Die nötigen Kenntnisse zu erwerben ist die erste Etappe. Die finanziellen Mittel zur Realisierung von hybriden Werken zu finden ist die nächste, nicht zu unterschätzende Herausforderung. Einige Kreativ­unternehmen sind aus der Schweiz weggezogen, um wachsen zu können. CtrlMovie, das den Multiple-Choice-Film «Lateshift» herausbrachte, hat heute Niederlassungen in Los Angeles, Ludwigsburg und der Region Luzern.
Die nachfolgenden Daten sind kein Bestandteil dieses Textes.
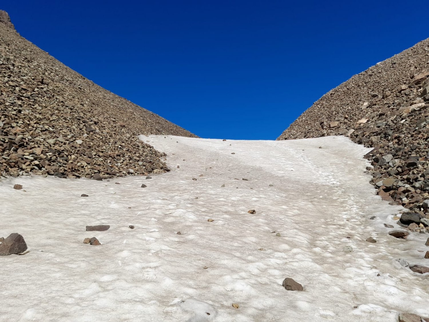 Adam, que saiu mais tarde, nos alcançou já perto do selado. Neste ainda havia alguns manchões de gelo/neve que exigiam algum cuidado na descida. Lucia baixou bem vagarosa pois era sua primeira vez num declive assim. Passos curtos pisando firme com o calcanhar para fazer um mini degrau.

Apelab, mit neuem Namen Zoe Immersive, das «La Légende de Kami» in der Sektion Highlight des GIFF als Weltpremiere zeigt, arbeitet in Los Angeles und Genf. Aus Artanim mit seiner Motion-Capture-Technologie an der Grenze zwischen Kino und Videospiel entstand Dreamscape Immersive, ebenfalls in Los Angeles. «Dass diese Unternehmen international expandieren, mag manchen verärgern, doch die Filmindustrie ist auch international: FilmproduzentInnen gehen nach Cannes oder Berlin und arbeiten mit europäischen SchauspielerInnen. Was uns bei anderen schockiert, stört uns bei uns selbst nicht», so Anaïs Emery.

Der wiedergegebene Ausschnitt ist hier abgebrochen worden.